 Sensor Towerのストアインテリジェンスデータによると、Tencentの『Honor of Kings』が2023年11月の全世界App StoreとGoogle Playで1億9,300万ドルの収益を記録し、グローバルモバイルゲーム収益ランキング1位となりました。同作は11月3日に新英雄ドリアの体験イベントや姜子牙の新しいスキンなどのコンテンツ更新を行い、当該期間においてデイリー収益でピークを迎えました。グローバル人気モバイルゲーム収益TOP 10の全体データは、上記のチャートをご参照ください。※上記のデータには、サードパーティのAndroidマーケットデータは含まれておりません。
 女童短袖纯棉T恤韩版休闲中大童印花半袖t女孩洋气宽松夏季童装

* * *

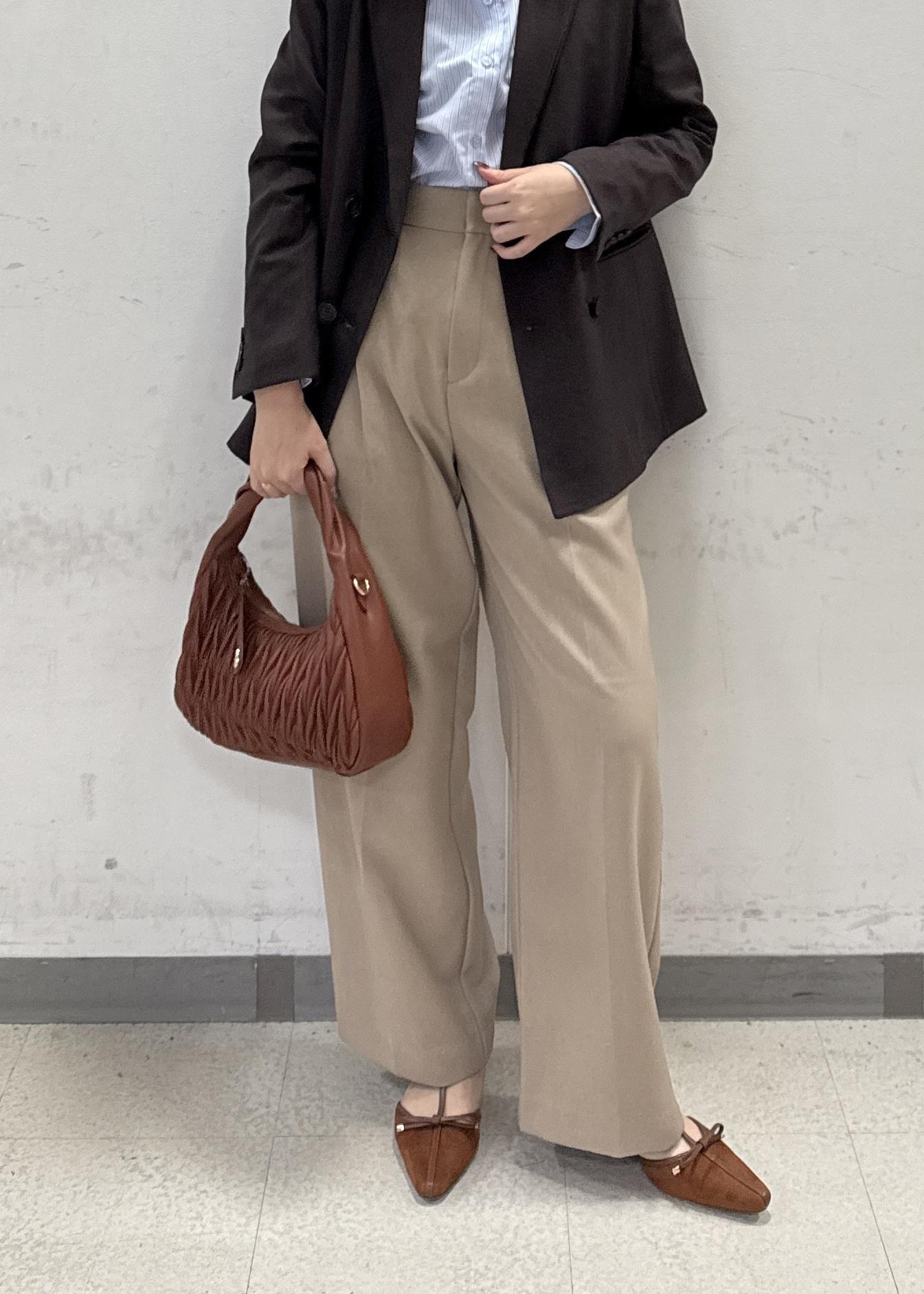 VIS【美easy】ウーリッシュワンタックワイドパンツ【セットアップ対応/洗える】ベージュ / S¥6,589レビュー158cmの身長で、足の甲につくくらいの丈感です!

◆ What this task involves: Print again the lines of the entries above that fall between the line holding "Sensor Towerのストアインテリジェンスデータによると、Tencentの『Honor of" and the line holding "女童短袖纯棉T恤韩版休闲中大童印花半袖t女孩洋气宽松夏季童装", inclusive, exactly as they stand.

◆ Response below:
 Sensor Towerのストアインテリジェンスデータによると、Tencentの『Honor of Kings』が2023年11月の全世界App StoreとGoogle Playで1億9,300万ドルの収益を記録し、グローバルモバイルゲーム収益ランキング1位となりました。同作は11月3日に新英雄ドリアの体験イベントや姜子牙の新しいスキンなどのコンテンツ更新を行い、当該期間においてデイリー収益でピークを迎えました。グローバル人気モバイルゲーム収益TOP 10の全体データは、上記のチャートをご参照ください。※上記のデータには、サードパーティのAndroidマーケットデータは含まれておりません。
 女童短袖纯棉T恤韩版休闲中大童印花半袖t女孩洋气宽松夏季童装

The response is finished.